Supported by the National Natural Science Foundation of China, No. 30270597
Correspondence to: Dr. Ying-Ren Zhao, Department of Infectious Diseases, First Hospital of Xi’an Jiaotong University, Xi’an 710061, Shaanxi Province, China. zhaoyingren@sohu.com
Telephone: +86-29-85323634 Fax: +86-29-85323647
Received: April 6, 2004
Revised: April 9, 2004
Accepted: May 29, 2004
Published online: February 14, 2005

Abstract

AIM: To investigate the relationship between the polymorphism of class II transactivator (CIITA) gene promoters and chronic hepatitis B (CHB).

METHODS: Genomic DNA was prepared from peripheral blood leukocytes. Promoters I, III and IV of gene were analyzed respectively with polymerase chain reaction single strand conformation polymorphism (PCR-SSCP) in 65 patients with CHB, 26 patients with acute hepatitis B (AHB) and 85 normal controls.

RESULTS: No abnormal migration was found in PCR-SSCP analysis of the three promoters in the three groups. Also, no sequential difference was observed at the three promoters among the CHB patients, AHB patients and normal controls.

CONCLUSION: No polymorphism in promoters I, III and IV of CIITA gene exists in CHB patients, ABH patients and normal controls, suggesting that the promoter of CIITA gene might be a conserved domain.
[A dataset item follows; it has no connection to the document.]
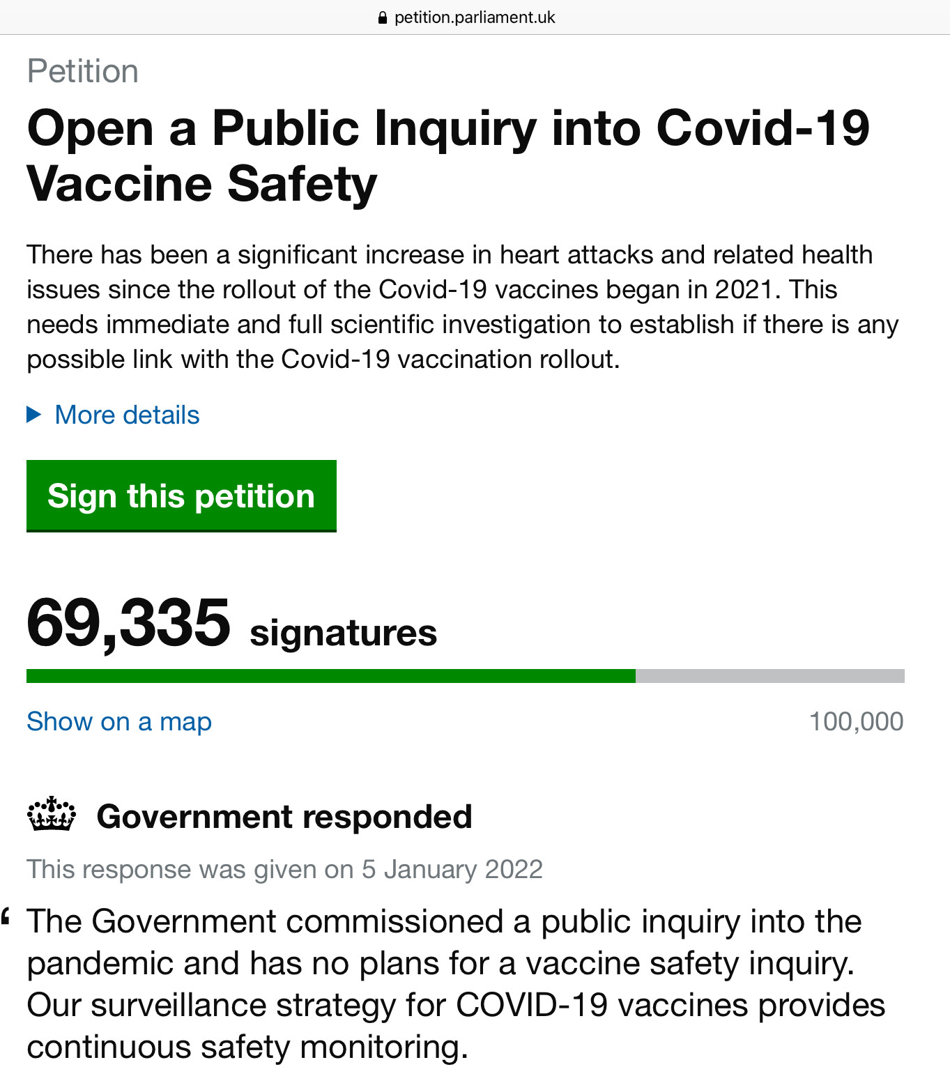 Interesting response from the Government in their shorter January 2022 response to this petition. I quote “The benefits of the vaccines in preventing COVID-19 and serious complications associated with COVID-19 continue to far outweigh the risks in the majority of patients.”

Key Words: Class II transactivator gene promoter, Hepatitis B

INTRODUCTION

Major histocompatibility complex (MHC) class II molecules play a central role in immune responses, and the regulation of this family of genes occurs primarily at the transcriptional level. The class II transactivator (CIITA), a non-DNA-binding protein, is the master regulator of the MHC class II gene expression[1-5]. Human CIITA is encoded on chromosome 16, and the initial CIITA cDNA encodes an 1130-aminoacid protein. CIITA is the major rate-limiting factor for both constitutive and interferon-γ-induced expression of MHC class II gene. Furthermore, the expression of MHC class II is quantitatively controlled at the CIITA level[4,6]. Human CIITA gene expression is controlled by 4 distinct promoters (PI to PIV), and they are cell-type-specific and have different activation profiles, leading to multiple CIITA transcripts with different first exons, and 3 of the forms predominating. Promoter I and promoter III direct dendritic cell and B-cell-specific expressions respectively, whereas promoter IV mediates IFN-γ-inducible expression[7-10]. Recently, it has been shown that CIITA plays an important role in infectious diseases, cancer and autoimmune diseases[11-16]. Infection with hepatitis B virus (HBV) may result in different clinical outcomes[17]. There is strong evidence in HBV infection that host genetic factors play a major role in determining the outcome of the infection[18-23]. Therefore, to explore the relationship between polymorphism of CIITA gene promoters and chronic hepatitis B(CHB), we analyzed the sequence variability at promoters of CIITA transcription factor in CHB patients and compared with acute hepatitis B (AHB) patients and normal subjects by SSCP analysis of the PCR-amplified CIITA promoter region.

MATERIALS AND METHODS
Subjects

Sixty-five patients (42 men and 23 women, mean age, 35.5 years) with CHB and 26 patients (18 men and 8 women, mean age, 32.3 years) with AHB, and 95 healthy blood donors (62 men and 33 women, mean age, 33.4 years) from the First Hospital of Xi’an Jiaotong University, Xi’an, China, were included in this study. The diagnosis of all the cases was made according to the criteria established on the Viral Hepatitis National Conference held in 2000 in Xi’an, China[24]. All the patients and controls were Chinese Han nationals without relatives from Xi’an.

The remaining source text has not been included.